Required action> Set the material down again exactly, line by line, skipping each picture.

Data below>
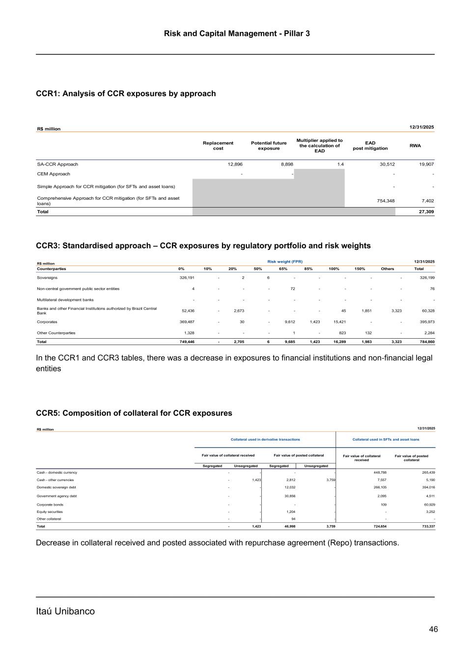 Risk and Capital Management - Pillar 3 __________________________________________________________________________________________ __________________________________________________________________________________________ Itaú Unibanco 46 CCR1: Analysis of CCR exposures by approach R$ million 12/31/2025 Replacement cost Potential future exposure Multiplier applied to the calculation of EAD EAD post mitigation RWA SA-CCR Approach 12,896 8,898 1.4 30,512 19,907 CEM Approach - - - - Simple Approach for CCR mitigation (for SFTs and asset loans) - - Comprehensive Approach for CCR mitigation (for SFTs and asset loans) 754,348 7,402 Total 27,309 CCR3: Standardised approach – CCR exposures by regulatory portfolio and risk weights R$ million Risk weight (FPR) 12/31/2025 Counterparties 0% 10% 20% 50% 65% 85% 100% 150% Others Total Sovereigns 326,191 - 2 6 - - - - - 326,199 Non-central government public sector entities 4 - - - 72 - - - - 76 Multilateral development banks - - - - - - - - - - Banks and other Financial Institutions authorized by Brazil Central Bank 52,436 - 2,673 - - - 45 1,851 3,323 60,328 Corporates 369,487 - 30 - 9,612 1,423 15,421 - - 395,973 Other Counterparties 1,328 - - - 1 - 823 132 - 2,284 Total 749,446 - 2,705 6 9,685 1,423 16,289 1,983 3,323 784,860 In the CCR1 and CCR3 tables, there was a decrease in exposures to financial institutions and non‑financial legal entities CCR5: Composition of collateral for CCR exposures R$ million 12/31/2025 Collateral used in derivative transactions Collateral used in SFTs and asset loans Fair value of collateral received Fair value of posted collateral Fair value of collateral received Fair value of posted collateral Segregated Unsegregated Segregated Unsegregated Cash - domestic currency - - - - 448,788 265,439 Cash - other currencies - 1,423 2,812 3,759 7,557 5,190 Domestic sovereign debt - - 12,032 - 266,105 394,016 Government agency debt - - 30,856 - 2,095 4,511 Corporate bonds - - - - 109 60,929 Equity securities - - 1,204 - - 3,252 Other collateral - - 94 - - - Total - 1,423 46,998 3,759 724,654 733,337 Decrease in collateral received and posted associated with repurchase agreement (Repo) transactions.
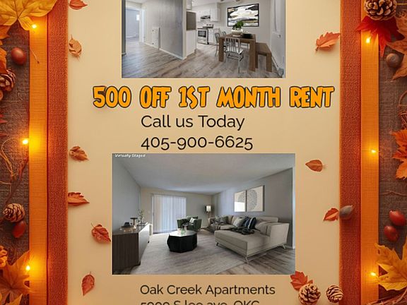 Oak Creek Apartments are located in a secluded neighborhood in Oklahoma City, OK. Our apartments our newly renovated with Stainless Steel Appliances, LED Lighting, Luxury Plank Flooring, AC, Ceiling Fans and modern paint colors. Our residents enjoy onsite laundry, community pool, dog park, and ample parking for residents and their guests. Our residents enjoy access to a wide array of local entertainment restaurants and public transportation as well as onsite amenities.
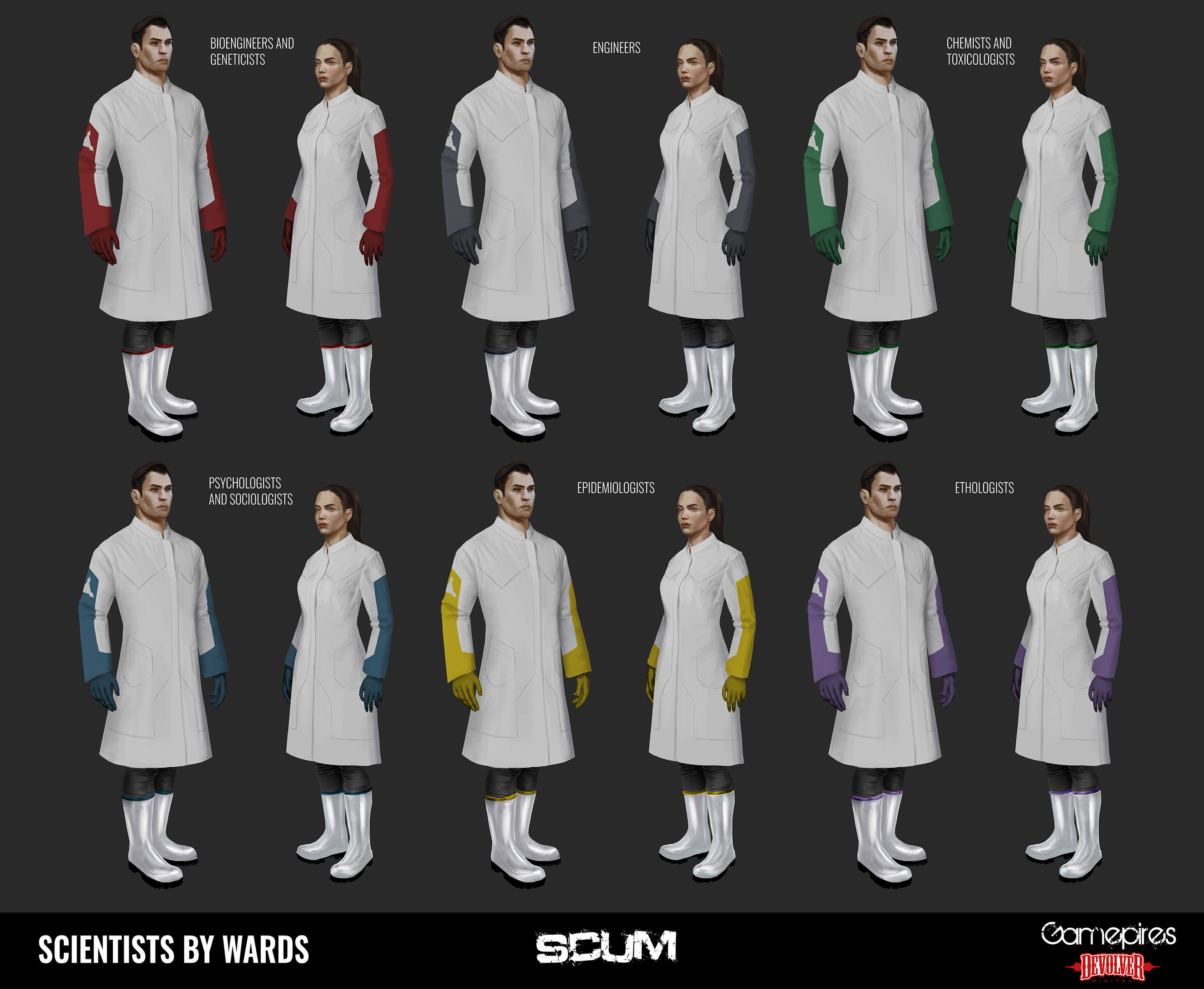 Ivona: Dies sind die TEC1-Wissenschaftler, bei denen jede Farbe eine bestimmte Station darstellt. Ich wollte, dass sie futuristisch und wissenschaftlich aussehen, aber dennoch an die vergangenen Modetrends erinnern.

Completed task>
 Risk and Capital Management - Pillar 3 __________________________________________________________________________________________ __________________________________________________________________________________________ Itaú Unibanco 46 CCR1: Analysis of CCR exposures by approach R$ million 12/31/2025 Replacement cost Potential future exposure Multiplier applied to the calculation of EAD EAD post mitigation RWA SA-CCR Approach 12,896 8,898 1.4 30,512 19,907 CEM Approach - - - - Simple Approach for CCR mitigation (for SFTs and asset loans) - - Comprehensive Approach for CCR mitigation (for SFTs and asset loans) 754,348 7,402 Total 27,309 CCR3: Standardised approach – CCR exposures by regulatory portfolio and risk weights R$ million Risk weight (FPR) 12/31/2025 Counterparties 0% 10% 20% 50% 65% 85% 100% 150% Others Total Sovereigns 326,191 - 2 6 - - - - - 326,199 Non-central government public sector entities 4 - - - 72 - - - - 76 Multilateral development banks - - - - - - - - - - Banks and other Financial Institutions authorized by Brazil Central Bank 52,436 - 2,673 - - - 45 1,851 3,323 60,328 Corporates 369,487 - 30 - 9,612 1,423 15,421 - - 395,973 Other Counterparties 1,328 - - - 1 - 823 132 - 2,284 Total 749,446 - 2,705 6 9,685 1,423 16,289 1,983 3,323 784,860 In the CCR1 and CCR3 tables, there was a decrease in exposures to financial institutions and non‑financial legal entities CCR5: Composition of collateral for CCR exposures R$ million 12/31/2025 Collateral used in derivative transactions Collateral used in SFTs and asset loans Fair value of collateral received Fair value of posted collateral Fair value of collateral received Fair value of posted collateral Segregated Unsegregated Segregated Unsegregated Cash - domestic currency - - - - 448,788 265,439 Cash - other currencies - 1,423 2,812 3,759 7,557 5,190 Domestic sovereign debt - - 12,032 - 266,105 394,016 Government agency debt - - 30,856 - 2,095 4,511 Corporate bonds - - - - 109 60,929 Equity securities - - 1,204 - - 3,252 Other collateral - - 94 - - - Total - 1,423 46,998 3,759 724,654 733,337 Decrease in collateral received and posted associated with repurchase agreement (Repo) transactions.
 Oak Creek Apartments are located in a secluded neighborhood in Oklahoma City, OK. Our apartments our newly renovated with Stainless Steel Appliances, LED Lighting, Luxury Plank Flooring, AC, Ceiling Fans and modern paint colors. Our residents enjoy onsite laundry, community pool, dog park, and ample parking for residents and their guests. Our residents enjoy access to a wide array of local entertainment restaurants and public transportation as well as onsite amenities.
 Ivona: Dies sind die TEC1-Wissenschaftler, bei denen jede Farbe eine bestimmte Station darstellt. Ich wollte, dass sie futuristisch und wissenschaftlich aussehen, aber dennoch an die vergangenen Modetrends erinnern.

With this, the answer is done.